Take part in new research to help us learn more about mental health disclosure
Many initiatives encourage us to talk openly about mental health challenges. Through this study we want to know more about why this is often hard to do.
What we're doing
Some research suggests that being able to tell others about your mental health diagnosis can be good for your wellbeing, but it can be difficult to do. We are trying to understand more about this in order to help more people in the future.
One thing that might make disclosure more difficult is stigma, and in particular the way we think others think about us. For this study we are exploring the effects of mental health stereotypes, and the stigma of disclosure, to help us understand what impacts on self-disclosure. Our findings will be important to help guide interventions to support people making their own decisions about disclosing, and may also be a small step towards greater social change around mental health.
To be eligible to take part in this study you must :
- be aged over 18
- have a mental health diagnosis
- have basic proficiency in spoken English
For this study, we regret we are unable to accept those who have been diagnosed with development disorders or organic impairments.
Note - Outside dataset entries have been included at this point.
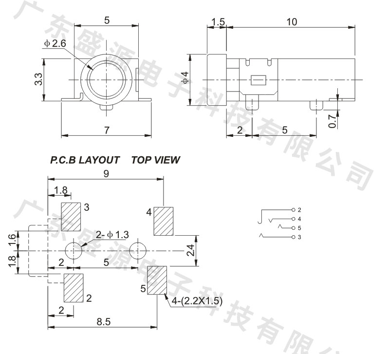 PJ-234 2.5贴片耳机插座
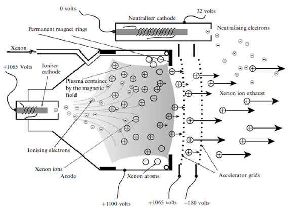 Ion rocket engines use electric voltages to accelerate charged atoms. Although they only produce a small thrust they can burn for months or even years eventually producing a much higher total change in spacecraft velocity or ‘Delta Vee’. (Credit: Aerospace Notes)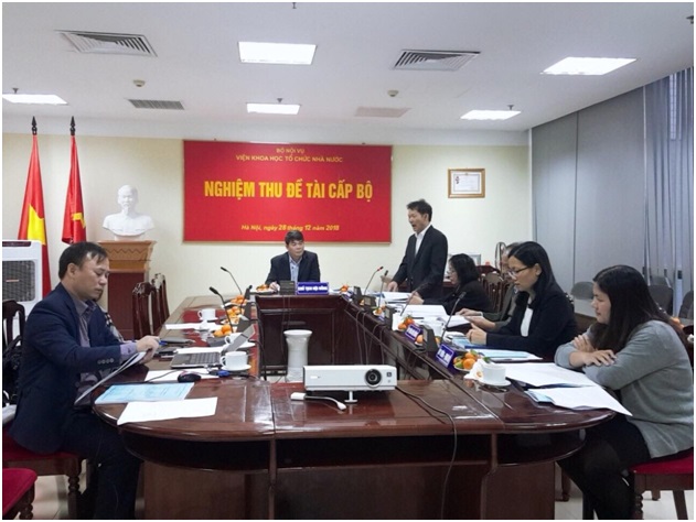 Ngày 28/12/2018, Viện Khoa học tổ chức nhà nước đã tổ chức nghiệm thu chính thức Đề tài nghiên cứu khoa học cấp Bộ: “Xây dựng hệ thống tiêu chuẩn kiểm định chất lượng các cơ sở đào tạo, bồi dưỡng cán bộ, công chức tại Bộ, ngành” do TS. Tạ Quang Tuấn, Phó Tổng Biên tập Tạp chí Quản lý nhà nước, Học viện Hành chính Quốc gia, Bộ Nội vụ làm chủ nhiệm.

You will need to travel to the University campus to take part.
Your visit will involve a meeting with one of our research team lasting approximately 30 minutes. You'll be asked to think about telling someone about your mental health - either someone with positive or negative attitudes towards mental health. Afterwards you'll also be asked to complete some questionnaires about how this has made you feel.
At the end we will give you more information about the study and an opportunity to ask further questions.
What you'll get
All participants will receive a £5 gift voucher as a thank you for taking part. You will also be offered a optional mindfulness exercise, if you feel you would benefit from this.
More about the study
Lorna Hogg explained: "We live in a society where we are told that we should be more open about mental health, and campaigns such as 'Time to Change' are at the forefront of such societal change. But we know that it is not always easy to talk about mental health, and more needs to be done to open up the conversation on an individual level. Here we want to learn more about stereotypes and mental health and the impact of these on influencing how or whether individuals disclose.”
Mia Foxhall who is leading the research added: "Participants in this study will help develop our understanding of stereotypes and their role in mental health-disclosure to help support interventions in the future. We hope this can be both beneficial to individuals taking part and also help us bring about wider change in relation to mental health disclosure."